Transferring ownership from farm family to farm family can be tricky. We paid for the family farm. It was the only fair way to pass the farm down. As we sometimes struggled to make the payments on the farm through the years, one of my goals became to be able to give the farm to our kids rather than have them pay. But as the years have gone on, I decided that even that wasn’t enough. Our goal now is to hand over a thriving farm business to one or more of the kids, because the business has to continue to be worth more than the farmland in order for our farm to survive.
Just growing crops and/or raising livestock used to make a farmer a good living. Increasingly, farmers have to capitalize on all the farm’s assets to make ends meet. Value-Added is an agricultural catch phrase to mean that the farmer has taken something she has grown (fruit, cucumbers, basil, grapes, barley, apples) and turned it into something more expensive that the customer wants (jam, pickles, pesto, wine, beer, cider) — taking the farm’s crops and turning them into something that has a higher profit margin for the farmer. This is how farms are staying financially sustainable in the era of processed food and meal kits.
Farmers have another huge asset: their beautiful land. An amazing backdrop for events and an opportunity to lure customers to their farm for on-farm events that are proving a necessity, especially for the smaller family farm. Agritourism allows the farmer to capitalize on even more assets of the farm: the farmer’s knowledge, the beautiful landscape, even farm accommodations. And agritourism is giving the customers what they want: a farm experience.

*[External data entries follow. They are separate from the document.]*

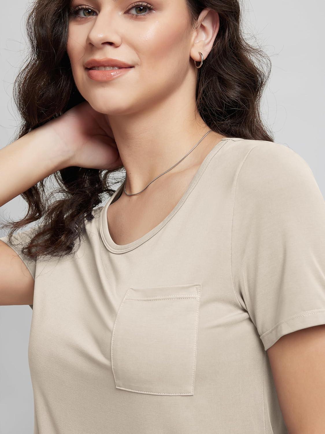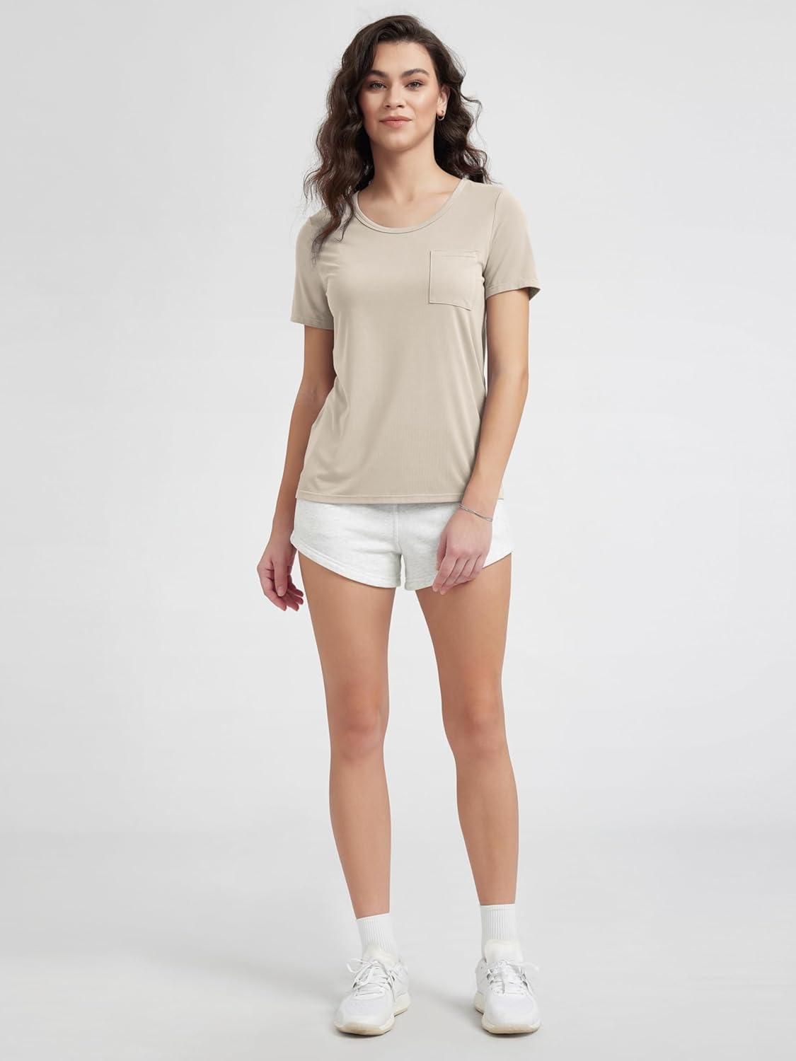 ODODOS Women’s Short Sleeve T-Shirts with Pocket – Ultra Soft Relaxed Tee Casual Lounge Yoga Tops(Beige)
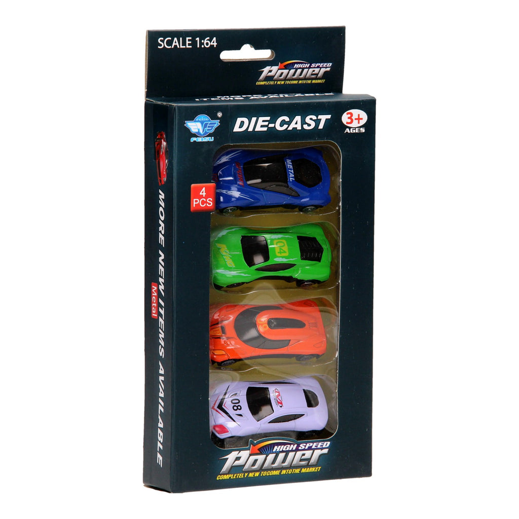 In dit setje zitten vier snelle metalen auto's in verschillende kleuren. Welke van de vier is het snelste denk je? De lengte van de auto's is 6 centimeter.
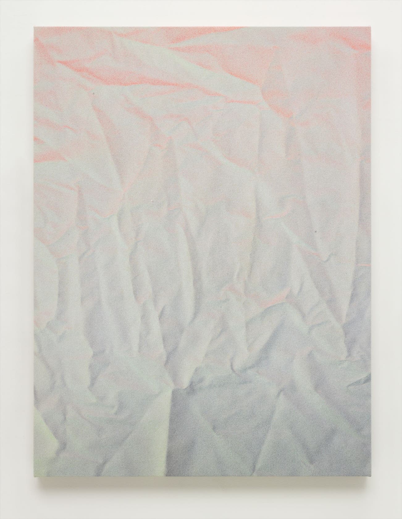Alluring and hypnotic, Auerbach’s fold paintings investigate what the artist refers to as the ‘2.5th dimension’, one that oscillates between the flat panelled two dimensional they lay on and the three dimensional illusion they construct. The fascinating process used to produce these compositions reaffirms the artist’s physical manipulation of the canvas by folding and rolling it. The canvas is subsequently laid on a flat plane, ironed, and its surface painted using an industrial spray gun at different angles to capture the nuance of the folds with the colour. The outcome is a mesmerizing painting with a spectrum of colours that emphasizes a ‘modern day’ trompe l’oeil effect. From afar, the work is characterised by volume, shadows and an undulating surface of wrinkled fabric; however on closer inspection, the folds wondrously fade away only to reveal a smooth canvas that is rigidly tightened over the stretcher. The present lot is given subtle blue and red celestial shades which, together with the magical three dimensional effect, transport the viewer in an inaccessible hyper-spatial reality where light has serendipitously come into existence.

We are lucky to live in a supportive community. To be clear, supporting farms means supporting farm businesses. Ag businesses are, and should be, looked at as commercial enterprises. If they aren’t, it’s only a matter of time until the family farm turns into a housing development. Because when the value of the farmland is larger than the value of the farm business, the farm will eventually fail. What does support look like? Support from the community means that citizens shop regularly from their local farms. Supporting a local food system is important to food security. And with every purchase from a farm (be it tomatoes, a farm breakfast, or a pint of beer), you are helping to make sure that farmland stays farmland. Local farms are up against so much competition—with Amazon delivering organic groceries to your doorstep, why would you want to take the time to stop by your local farm shop? My answer is, because Amazon is not preserving the history of your town. They are not providing open space while at the same time paying local taxes. Your farmer neighbor is.